When I was a Director of Innovation and Technology, I was speaking to one of our teachers about mental health when she said, “I want to try mindfulness with my kids. I really do. It really does interest me. The problem is that I feel like I keep being told to try it but nobody has really discussed what it is or what activities I could do with my kids in order to practice it correctly. I literally have no idea what to do.” As I work with different districts around the country, I hear similar complaints when it comes to just about anything mental health or mindfulness related…we want to, we just don’t know how. And part of the issue is that many times people don’t even really understand what mindfulness is.
What is Mindfulness?
Mindfulness is more than quieting your mind. It’s more than meditating. Jon Kabat-Zinn, the founder of Mindfulness-Based Stress Reduction, defines mindfulness as, “an awareness that arises through paying attention, on purpose, in the present moment, non-judgmentally.” He goes on to say, “And then I sometimes add, in the service of self-understanding and wisdom” (as cited in Defining Mindfulness, 2017). Perhaps my favorite part of that definition is the use of the term “non-judgmentally” as it’s not often that we allow ourselves to think or feel without judging if it’s right or wrong, painful or not. It is an exercise in acceptance of ourselves and who we are in that moment.
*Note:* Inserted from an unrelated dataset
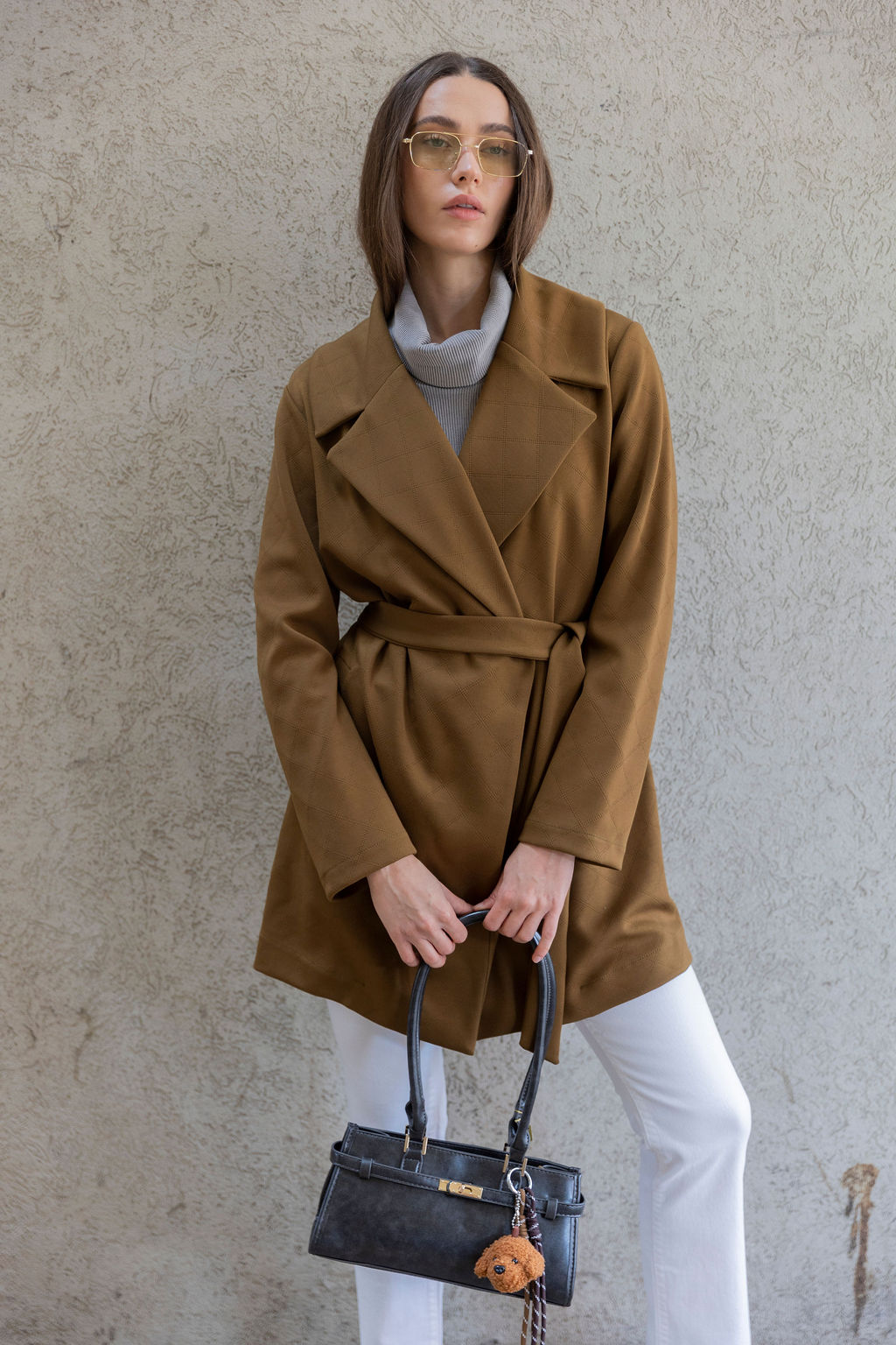 בד גרזי עבה ומחמם אבל הכי נעים שיש, חגורה כיסים

There are two major elements of mindfulness: awareness and attention. Awareness is a broader sense of what’s occurring in your inner and outer experiences. In other words, what is going on in your environment and what is going on inside your body including your thoughts and emotions. Being aware of emotions and thoughts can have a dramatic impact on shifting them towards being more positive. Attention is channeling your focus onto a particular object or idea and then holding your attention in place for a specific period of time. Meditations are made to do this.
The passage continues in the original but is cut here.